Tuesday, September 18, 2018

There's a new sheriff in town at the NLRB


Last week was a big one at the National Labor Relations Board.

First, the Board announced its intent to modify its joint employer standard. This move, while not unexpected, is nevertheless significant. You can read all of the backstory on this issue here.

Suffice it to say that the Board intends to, yet again, require a putative joint employer to "possess and actually exercise substantial direct and immediate control over the employees' essential terms and conditions of employment in a manner that is not limited and routine."

Secondly, the Board ordered its field offices to start pursuing unfair labor practice charges against unions for "negligent" behavior.
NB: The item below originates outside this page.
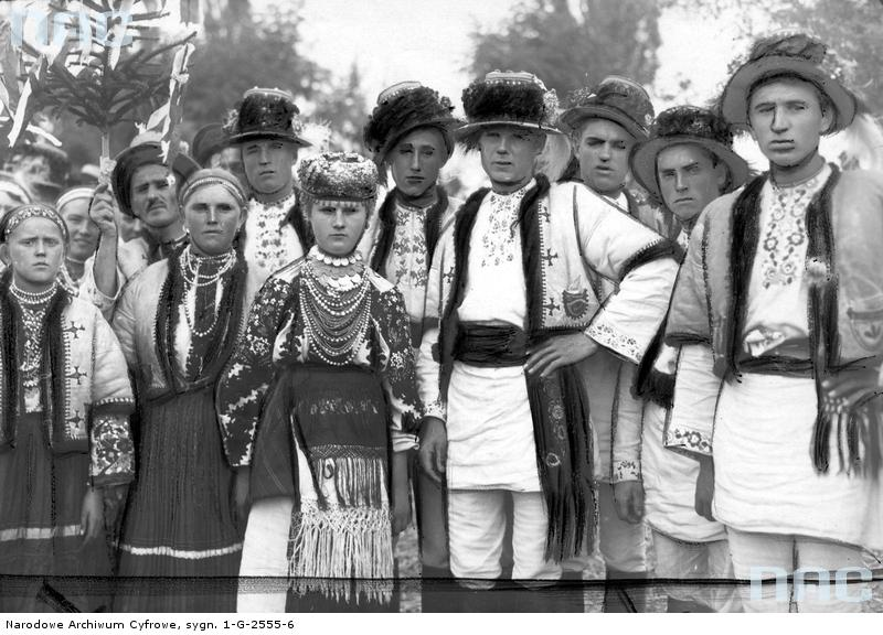 Galician / Podolian Ukrainians from Podolia, south Ternopil region (Zalishchyky area) in western Ukraine (East Galicia) during Polish rule in the area (1918-1939).

You can view a copy of the NLRB's internal directive (obtained by BNA) here.

What might qualify as "negligent" behavior by a union?

  • Losing, misplacing, or forgetting about an employee's grievance, unless the union had a reasonable procedure or system in place to track grievances that failed for an identifiable and clearly enunciated reason.
  • Failing to communicate decisions relating to grievances, or to respond to requests for information or documents from the grieving employee, unless the union has a reasonable excuse of meaningful explanation. 

This is a 180-turn in historical NLRB precedent, an likely to result in an increase in both unfair labor practice charges against unions and employee litigation against unions.

Let's not all get too excited about these changes. The NLRB's precedents tends to sway in the political breezes. One should expect, as we saw from 2009 - 2017, changes to these and other rules when the Democrats retake the White House. For now, however, employers should enjoy a much more business-friendly NLRB.